Cafe Du Monde is the most famous dispensary brand of this Crescent City staple, but Morning Call was my family’s preferred dealer, because it didn’t require wading through waves of tourists or trying to find the one empty parking spot downtown that’s there simply to mock the drivers who miss them.
There are plenty of places to get good beignets in Dallas, such as Toulouse Cafe and Bar, Grand Lux Cafe and Haute Sweets Patisserie. But a true New Orleans beignet comes from a place that dedicates its entire menu to just these pillowy puffed pastries. Finally, Dallas has one with Le Bons Temps on Main Street in Deep Ellum.
The space is small, but you don’t need a dining room space to get a good beignet. You’re either going to have to eat it standing on the sidewalk, sitting on the outdoor dining set or after taking it home. You can also eat it in your car, but that’s risky with the powdered sugar. If you don’t care about the interior looking like the police dusted it for fingerprints by the time you’re done, then it’s technically possible.
The menu is slightly bigger than the traditional beignet place, with extra New Orleans dessert options like bananas Foster made with vanilla bourbon and pecan pralines. But their primary purveyance is beignets, and they do them very well.
Beignets may be in the pastry family, but they shouldn’t be structured like a doughnut or some cream-filled concoction. They are fried pockets filled with a geode of soft dough. Le Bon Temps’ beignets are soft and yielding, like cake with light and fluffy insides encased by delicate foundations of dough that deliver mouthfuls of delicious powdered sugar.
The first bite is sweet without an ounce of crunch, which is really the magic of the beignet.

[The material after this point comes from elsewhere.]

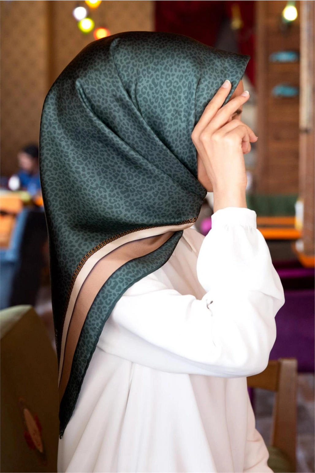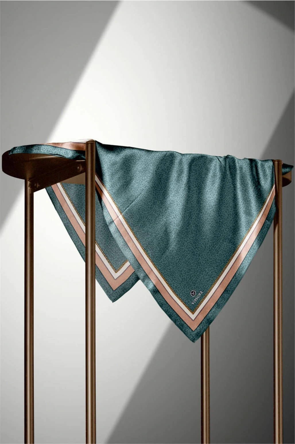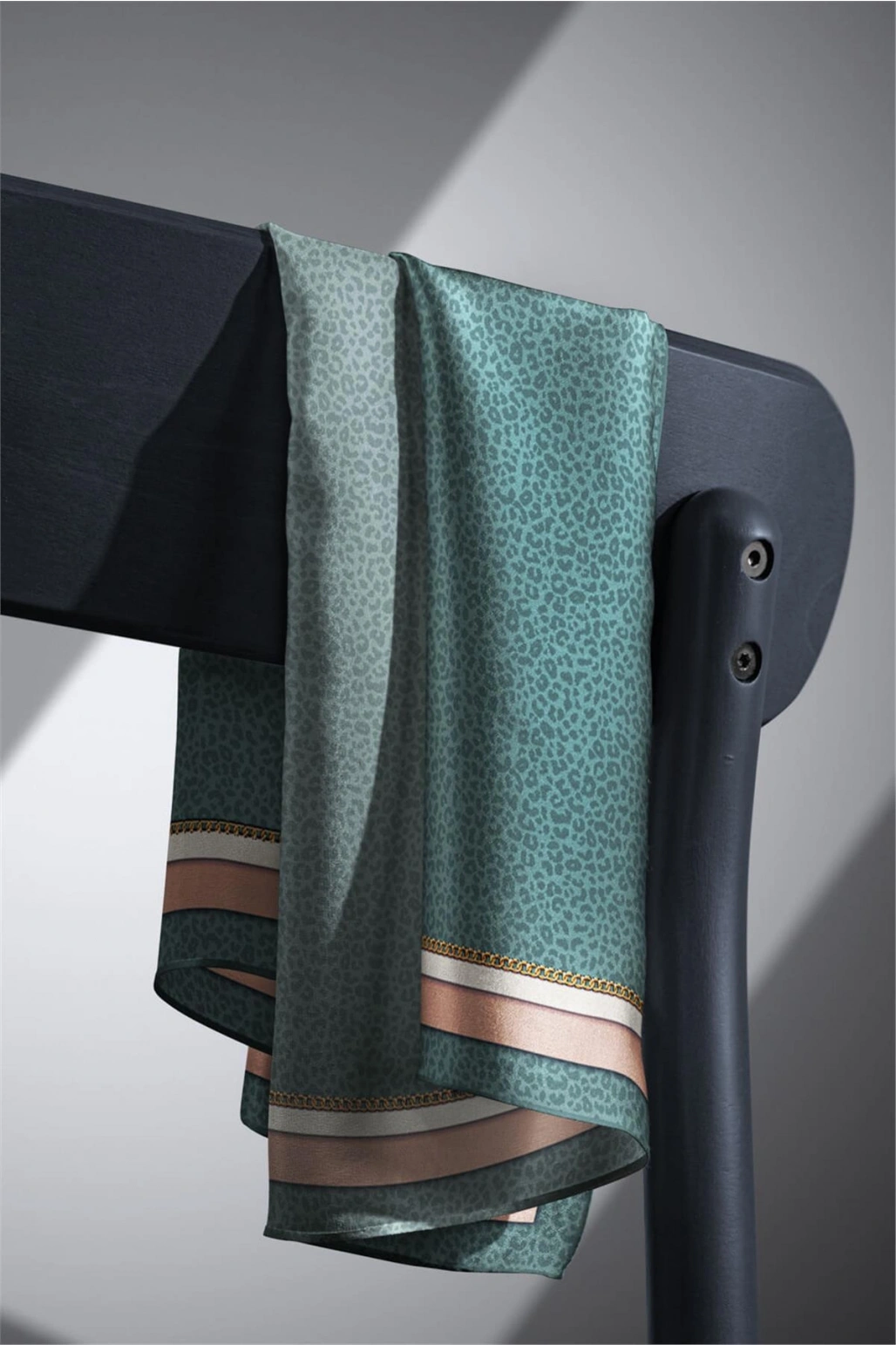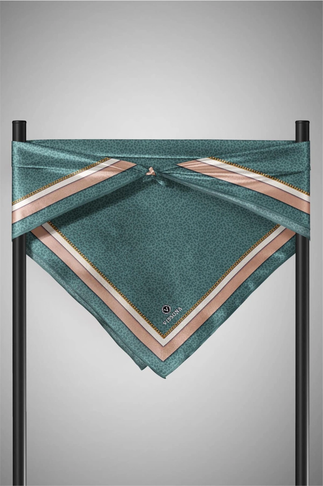 Vissona %100 Twill İpek Leopar Desenli Petrol Yeşili Renkli 90x90 Eşarp Dikim Şekli : El Dikişi

It’s like eating the optical illusion where one part of the shape appears to have three prongs, but the hinge only shows there should be two of them.
They also don’t skimp on the powdered sugar, which is the necessary final ingredient. There should be a small re-creation of the Swiss Alps made out of sugar on top of the beignet, as it nests in a bed of the powder underneath. My attempts to savor every bite caused me to momentarily forget that I require breathing to survive, and as I took a breath in, a cloud of powdered sugar slammed into the back of my throat. It’s the most delicious coughing fit I’ve ever suffered.
The shop also offers a slightly denser take on the beignet called the Le Boneignet that’s basically a cronut taking on the beignet. If you’ve never had a beignet (for starters, why are you so afraid to be happy), you should start with the classic version, then move up to this one. The Le Boneignet is also a delicious treat that gives the traditional beignet slightly more weight and bite resistance, but it’s also very tasty, pairing just as well with a hard shot of chicory coffee or café au lait. The classic and Le Boneignet even go well together if you can clear the next few hours for the beautiful nap the combined dough and sugar produce in you.
Le Bon Temps would fit as well in the French Quarter as it hopefully will for years to come in Deep Ellum. If you only go to New Orleans for the beignets, Le Bon Temps is a wonderful excuse to not waste your frequent flyer miles on the whims of your addictions.
Le Bon Temps, 2932 Main St. (Deep Ellum). Open 7 a.m. to 9 p.m. Tuesday through Thursday, 7 a.m. to 3 a.m. Friday through Saturday, 9 a.m. to 9 p.m. Sunday; closed Monday.